Stored records:
- Opening Delimiter -

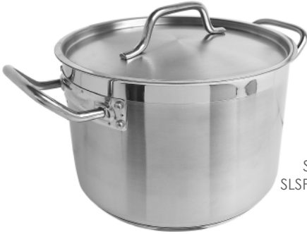
Lid Only SLSPS4008C ~ SLSPS4100C
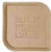
Eco-Products™ Dahlia™ Plates (sizes 6", 9") MOQ - 100,000 Pieces
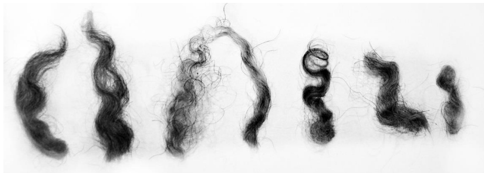
Figure 6: Tufts vary in type all over the body

A proper Pumi coat forms these tufts of hair when allowed to dry naturally. The following is a photo of some of these tufts from the same dog on different parts of his body:
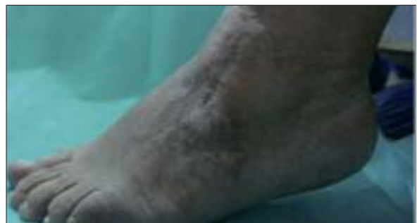
Figure 3. ROM limitation.
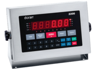
2200 Indicator (Optional)
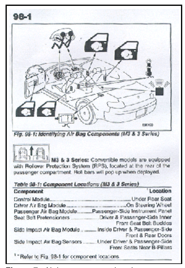
Figure 7 . Air bag component locations
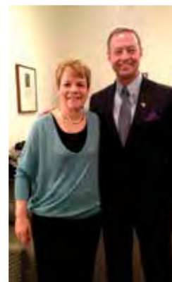
Baltimore Symphony Orchestra's Music Director, Marin Alsop, shown backstage in Carnegie Hall with Maryland's Governor Martin O'Malley

time. Higdon's energetic piece led the audience to wave their banners in an outward show of encouragement and pride in the BSO. Maryland Governor Martin O'Malley was in attendance at the New York City performance and spoke of how the Orchestra enhances its community and stressed the great importance of arts education. Governor O'Malley has previously performed with the BSO. 🍷

- Closing Delimiter -

▶ **How to complete this task**
Look through the data above for the string "Figure" and copy every line where it appears.

▶ **Response area**
Figure 6: Tufts vary in type all over the body
Figure 3. ROM limitation.
Figure 7 . Air bag component locations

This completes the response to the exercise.